Success at the farmers' market leads to new career

Pam Jesseman and Heather Marquis at their farmers' market stand Photo by Debra Thornblad. (click for larger version)
August 08, 2012
BERLIN - When her daughter convinced her to try and sell a few loaves of bread at the farmers' market last summer, Pam Jesseman never thought it would lead to a new career.

But that's just what happened. Sweet Mamas, as they named their farmers' market stand, was so successful by fall she and her daughter Heather Marquis knew they had to find a storefront and take the chance on a new career direction.

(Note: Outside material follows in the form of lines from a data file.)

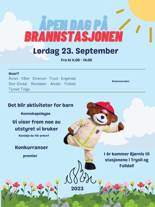 Åpen dag på brannstasjonen lørdag 23. september Åpen dag fra kl 11:00 - 14:00. Det blir aktiviteter for barn, kunnskapsløype, konkurranser med premier, og vist fram noe av utstyret som brannvesenet bruker. Publisert av Finn David Nilsen Publisert 08.09.2023 13:23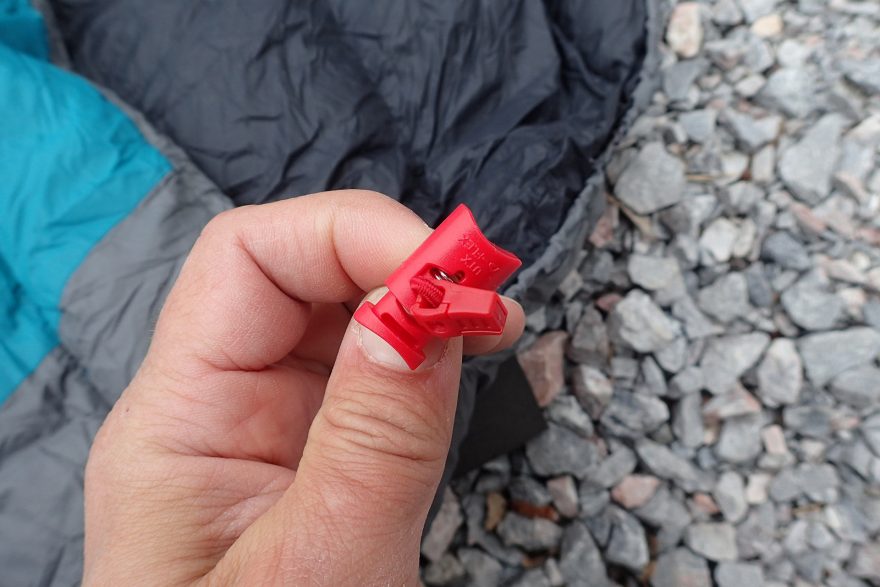 Při zapnutém spacáku je horní zip bez zajištění suchým zipem či přídavnou légou.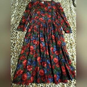 Vintage Laura Ashley Size 12 Corduroy Floral Garden Dress Gathered Zipper NICE

So far, so good. They opened Sweet Mamas after months of cleaning, reconstruction and putting in the equipment they needed. The Main Street building, located near Ron's Variety, had been a former dry cleaners and for awhile a sports store.

Pam had been working at the state prison, where she had been a corrections officer for 12 years. Her daughter Heather and son-in-law Jeff still are. But they both contribute products to the store and help out with the baking and farmers' market. Pam's husband Ralph helps out as well, after work and on Saturdays. It's become a real family affair.

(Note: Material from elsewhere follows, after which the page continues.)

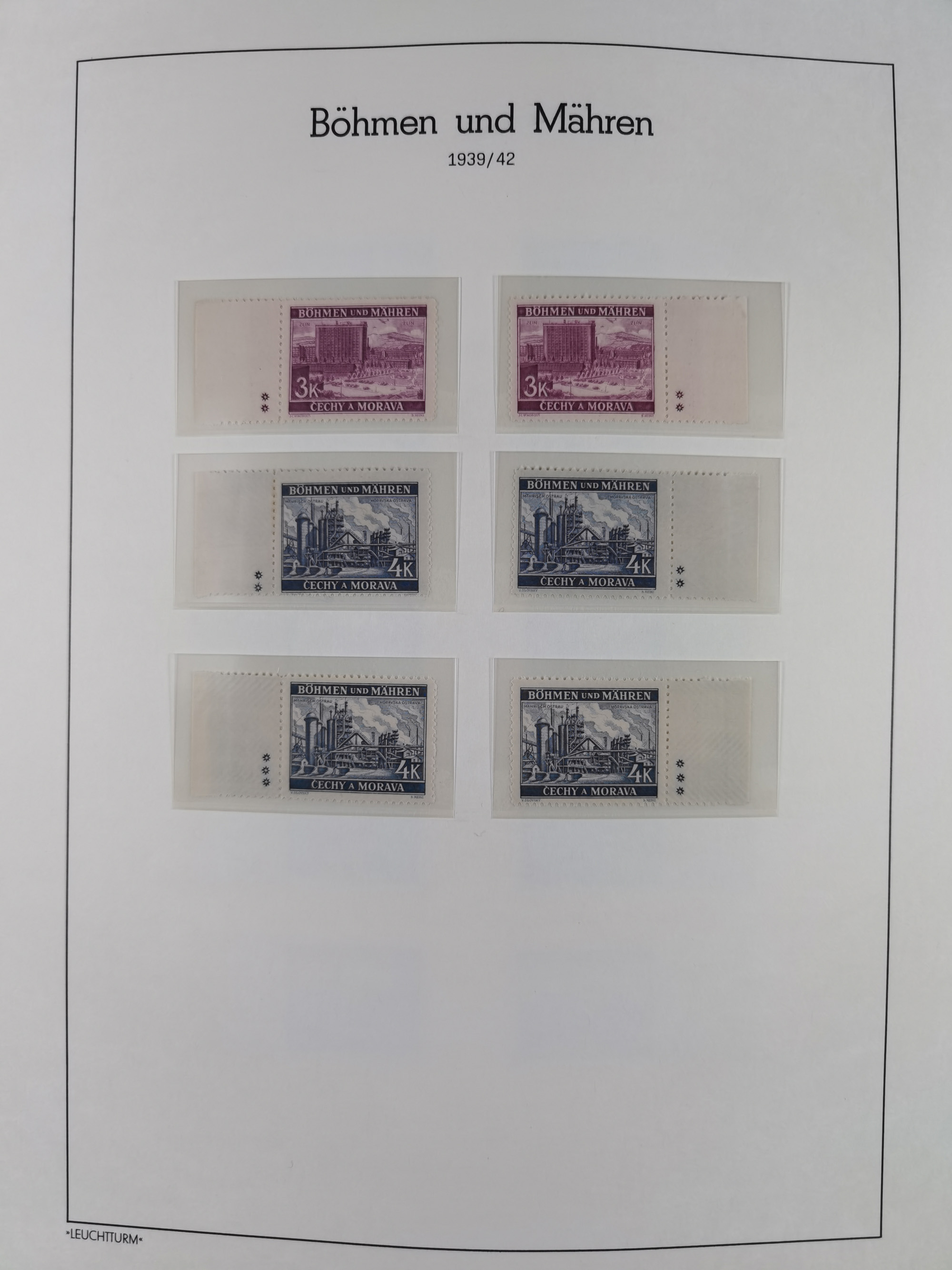 1939, Industriewerke Mährisch-Ostrau 4K. schwärzlichblau, Einzelabzug in von der endgültigen Ausgabe etwas abweichendem Format auf ungummiertem Papier (78x51mm), die Schriftleisten sind nicht vollständig ausgearbeitet und weisen einen helleren Farbton auf, tadellos, selten, Fotoattest Brunel (2019)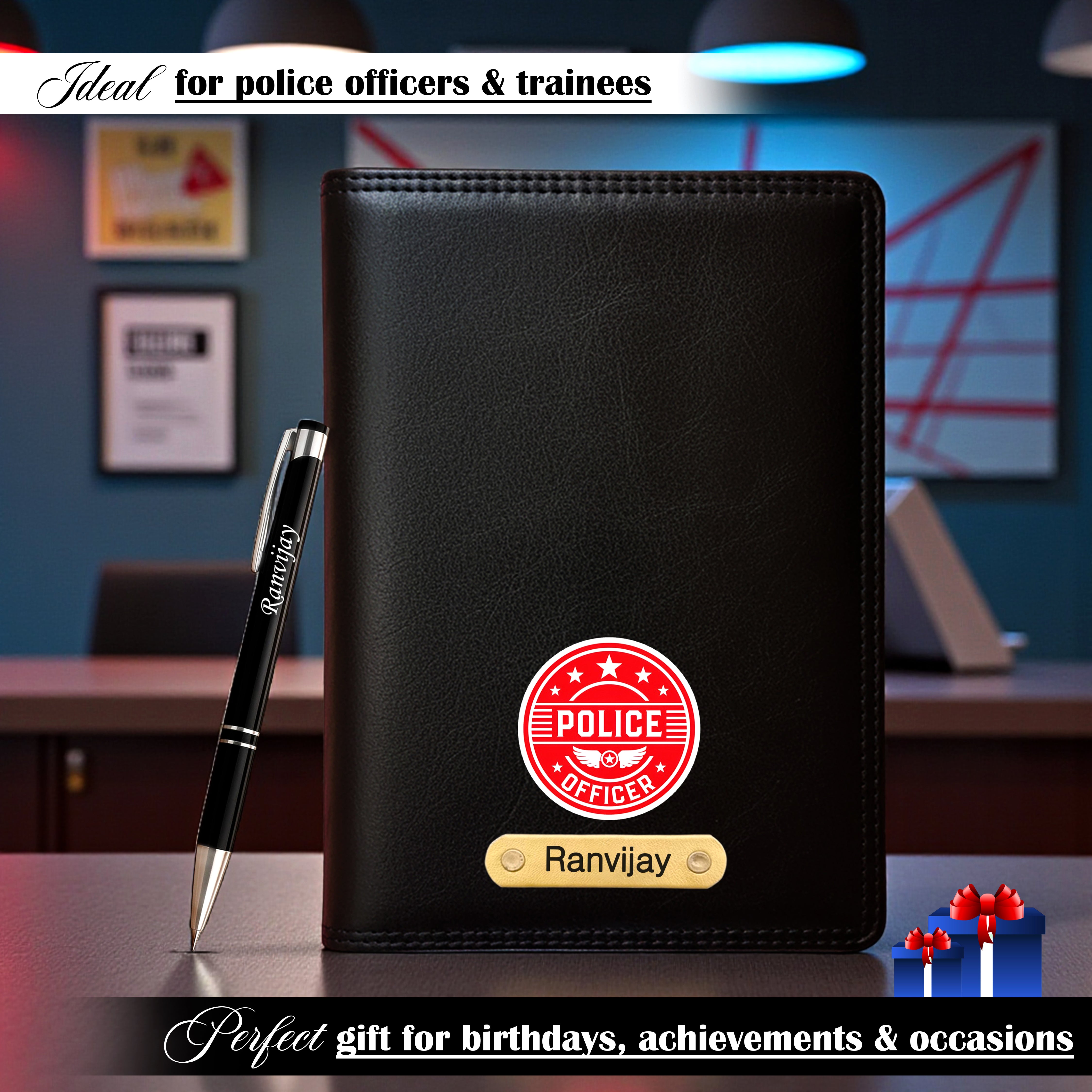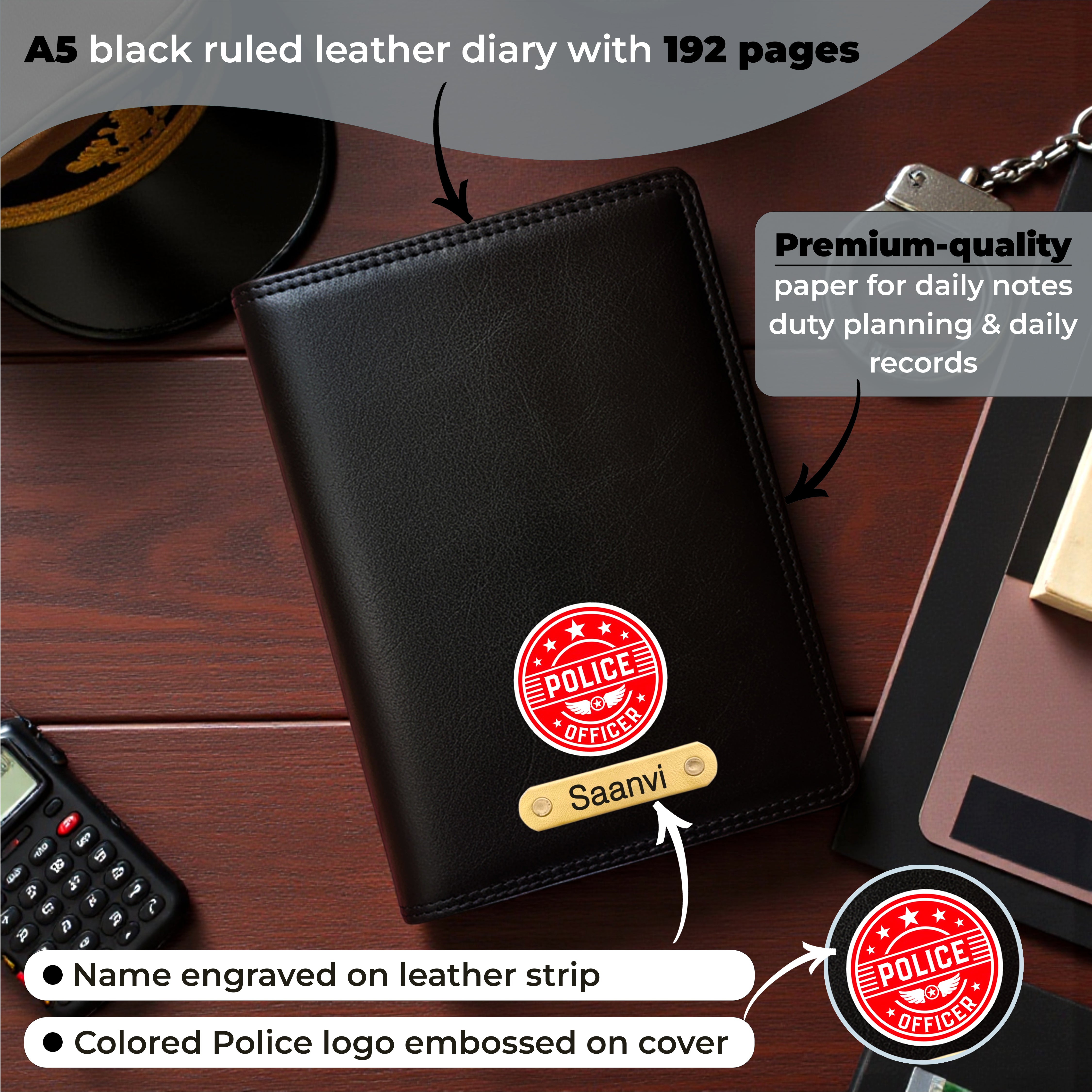 Police badge/logo embossed on the cover

The whole thing started when Pam decided she wanted to learn to make bread. King Arthur's flour in Vermont offers a four day class and she took it.

Meanwhile Heather was taking some culinary arts classes at the White Mountain Community College.

"Heather said to me, 'why don't we try the farmers' market,' and so we did," Pam said.

Heather got her kitchen licensed and they started baking.

"It's a lot of work to bake 50 loaves of bread in one oven," Pam said.

The two loaded up two pickup trucks and went to the market. They would sell out just about every week.

After the farmers' market ended for the season, they started to look for a store to rent. They found their current location, but it needed a lot of work. They hired professionals when they needed to, for the electrical work, but did the rest themselves with family and friends help. The place required 107 sheets of sheetrock. The ceiling had to be double layered because there are apartments upstairs.

"It needed everything but the doors and windows," Pam said.

Pam quit her job at the prison and now does this full time. Her husband helps after work and Heather works on her days off from the prison. She is hoping this will eventually grow into a full time position for her as well.

The store is open Wednesdays and Fridays 8 a.m. to 6 p.m. and Thursdays and Saturdays 8 a.m. to noon. When this writer came on a Tuesday afternoon, Pam was getting the bread dough ready. They would bake 30 loaves that night.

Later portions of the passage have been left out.